*Exercise details:* Repeat the data as given. Images do not go in the copy.

*Provided data:*
---*---

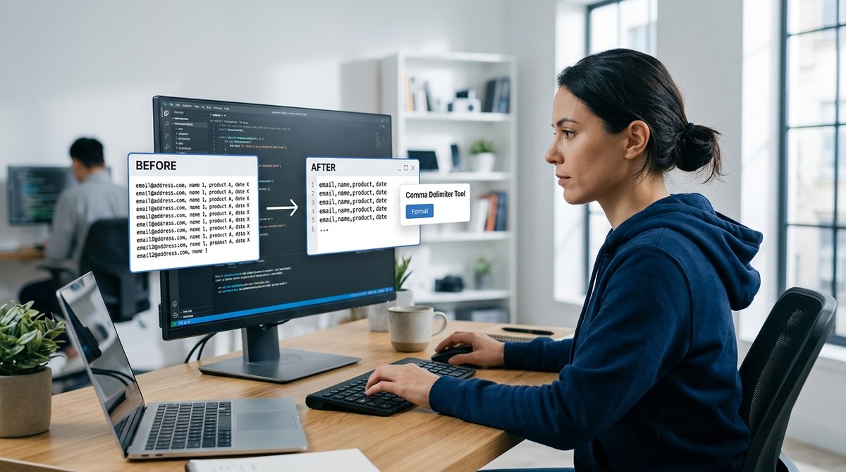 A browser-based comma delimiter tool handles these tasks in seconds. No installation, no configuration, no fighting with auto-formatting.
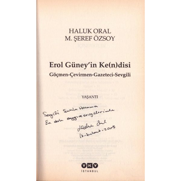İthaf, "Sevgili Sevin? Hocama en derin saygı ve sevgilerimle. Haluk Oral 16 Şubat 2007" şeklindedir.
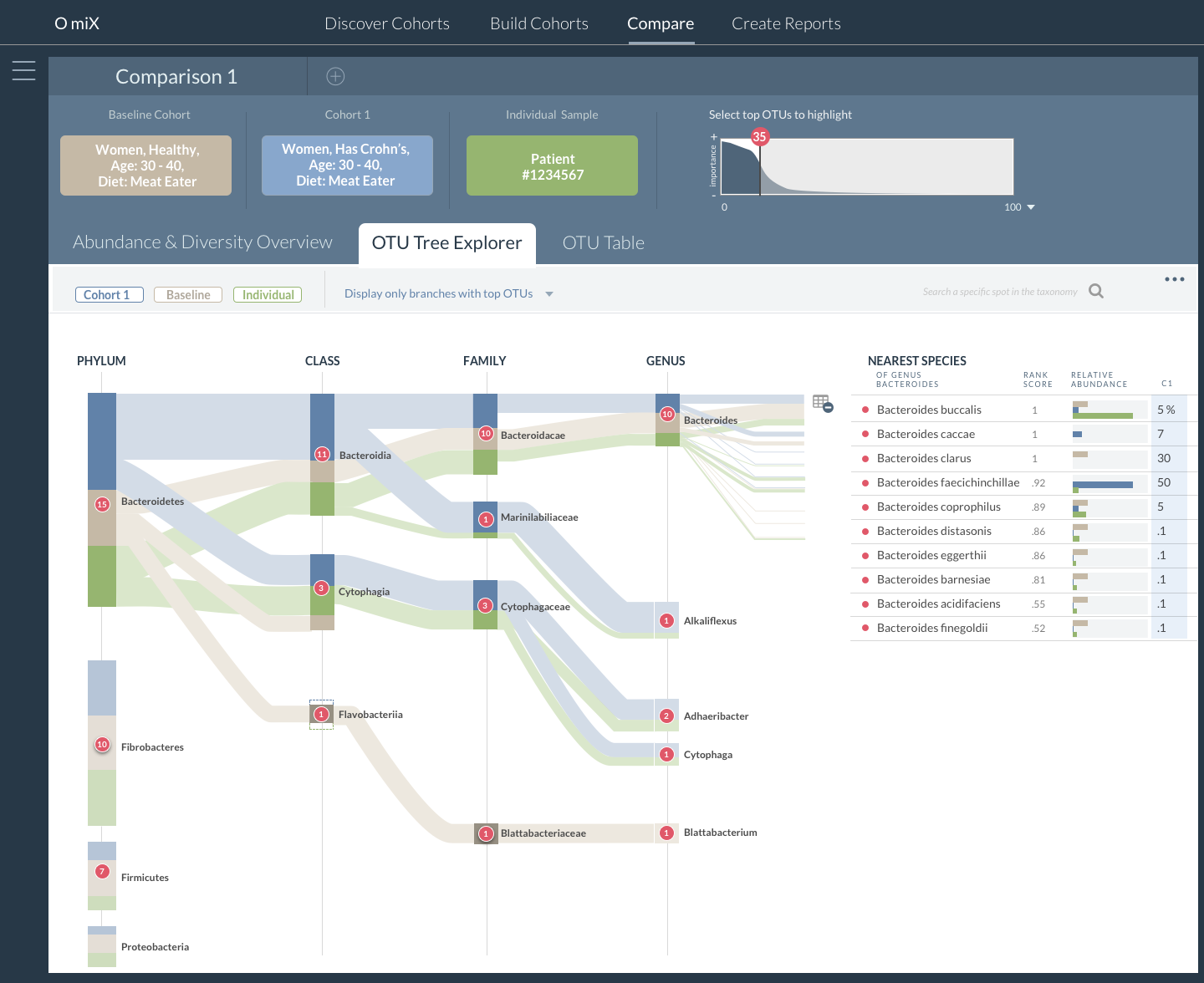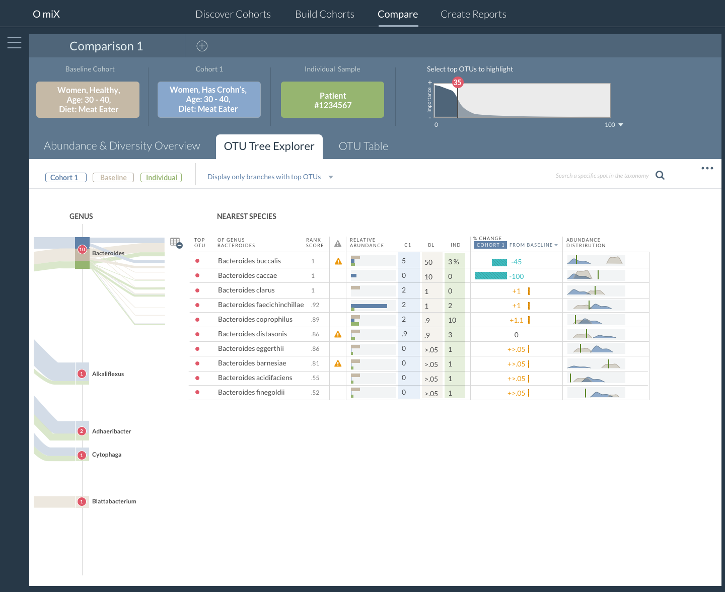 OmiX: Cohort Comparison at All Taxogenomic Levels Using the OTU Tree Explorer Visualization

---*---

*Result for this task:*
 A browser-based comma delimiter tool handles these tasks in seconds. No installation, no configuration, no fighting with auto-formatting.
İthaf, "Sevgili Sevin? Hocama en derin saygı ve sevgilerimle. Haluk Oral 16 Şubat 2007" şeklindedir.
 OmiX: Cohort Comparison at All Taxogenomic Levels Using the OTU Tree Explorer Visualization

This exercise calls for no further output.